[III-P01-1-10] Investigation of Electrocardiographic Changes Influenced by Medications for Attention Deficit/Hyperactivity Disorder and Autism Spectrum Disorder
Keywords:注意欠如/多動性障害, 自閉スペクトラム症, 副作用
注意欠如/多動性障害(ADHD)、自閉症スペクトラム障害(ASD)に対する薬物治療は近年増加しているが、心血管系の安全性については懸念がある。目的:ADHD、ASD治療薬が及ぼす心電図変化について明らかにする。方法:2013~2023年の期間に当科でADHD、ASD治療薬のアトモキセチン、グアンファシン、アリピプラゾール、メチルフェニデート、リスデキサンフェタミンを処方された患者471名のうち、投薬前後で心電図変化を評価できた患者40名で、投薬前後の心電図におけるRR間隔、QT時間、Bazett補正QT時間(QTcB)、Friderichia補正QT時間(QTcF)、PR時間、QRS幅を測定し、後方視的に統計学的検討を行った。
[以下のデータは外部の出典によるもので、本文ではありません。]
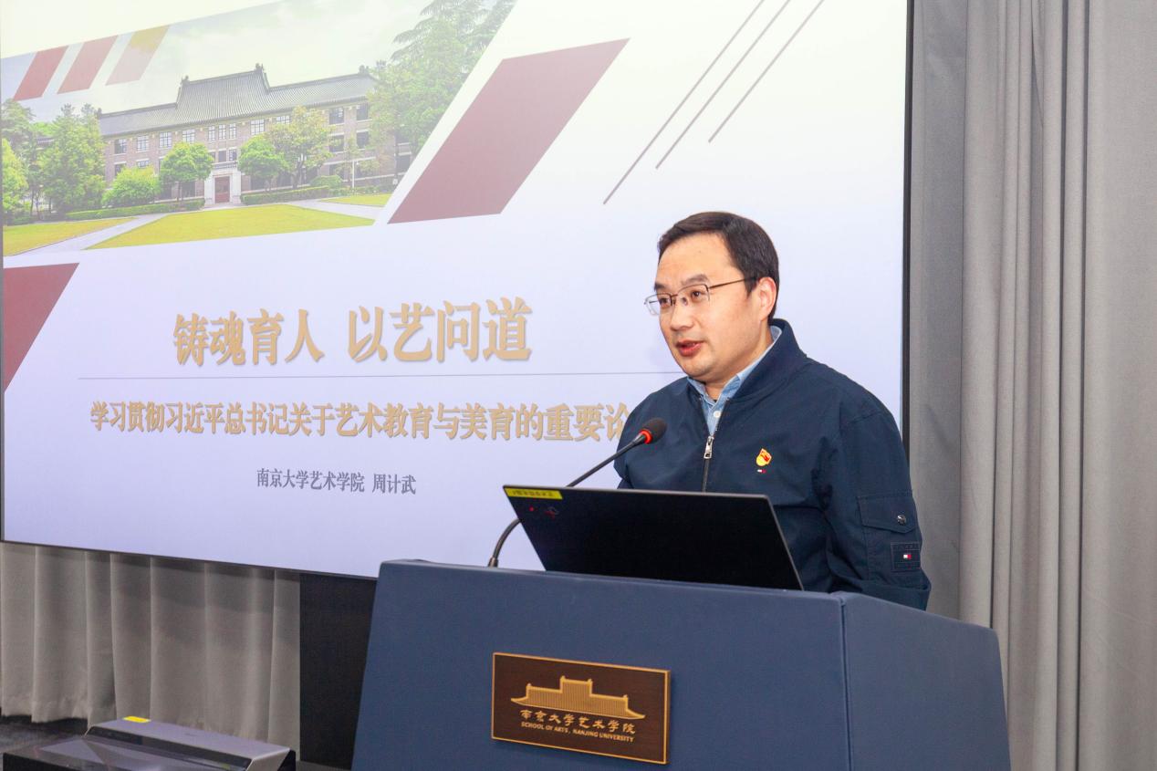 1212日,桃花坞 党委书记周计武《铸魂育人 以艺问道——学习贯彻习近平总书记关于艺术教育与美育的重要论述》专题报告。他指出,党的二十届四中全会对建设文化强国、推进教育高质量发展作出重要部署,艺术教育与美育在新时代文化建设和人才培养体系中具有基础性地位。围绕习近平总书记党的十八大以来关于文艺、美育和文化传承发展的系列重要论述,他从艺术教育与美育的文化使命、根本目的、政治立场、实践路径和建构中国自主知识体系等五个方面进行了系统讲解。他表示,文化是民族的精神命脉,艺术教育与美育是铸魂育人的基础工程,在服务党和国家事业发展、推进中华民族伟大复兴中承担着重要使命作为学校本科生美育课程体系的主要实施单位,桃花坞 要进一步强化责任担当,持续深化美育教学改革,推动美育真正融入育人全过程。他强调,立德树人是高校人才培养的中心环节,要坚持育人和育才相统一美育应以“浸润式”方式提升学生的审美境界与精神品格,学院教师必须不断提高思想认识切实推进美育教学改革落地见效坚持以人民为中心努力在教学、科研和艺术创作中守正创新、打造精品力作积极构建中国自主艺术知识体系主动回应时代命题和现实关切,以专业力量提升文艺作品的精神高度和文化品质,更好反映人民心声、展现时代气象。
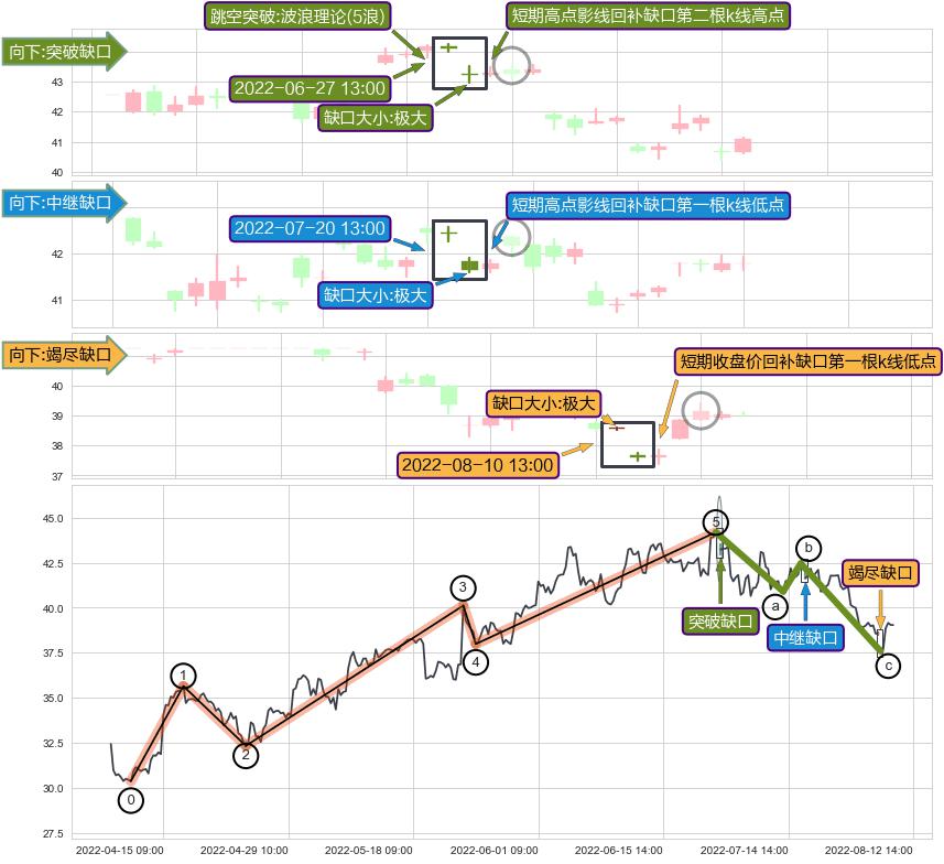 ➢ 2022-08-10 13:00形成:向下跳空【竭尽】缺口

結果:RR間隔は投与前733.8±174.6msec、投与後750.6±177.7msec(P=0.359)、QT時間は投与前327.7±36.2msec、投与後335.8±28.0msec(P=0.097)、QTcBは投与前350±2.7msec、投与後357±2.2msec(P=0.071)、QTcFは投与前366±2.3msec、投与後373±2.2msec(P=0.082)、PR時間は投与前155.8±20.8msec、投与後162.7±22.5msec(P=0.011)、QRS幅は投与前68.7±8.9msec、投与後71.3±9.8msec(P=0.017)であった。投薬後、新たに生じた不整脈はなかった。考察:PR時間とQRS幅で統計学的有意差を認めたが、正常範囲内の変化であった。成長に伴う変化の可能性も考えられた。本検討ではなかったが、元々QT延長や房室ブロックを呈する患者は投薬後の心電図変化に注意が必要である。結語:全ての測定項目で投薬後に延長していたが、病的ではなかった。今後は症例数を蓄積し、さらに詳細な検討をすべきである。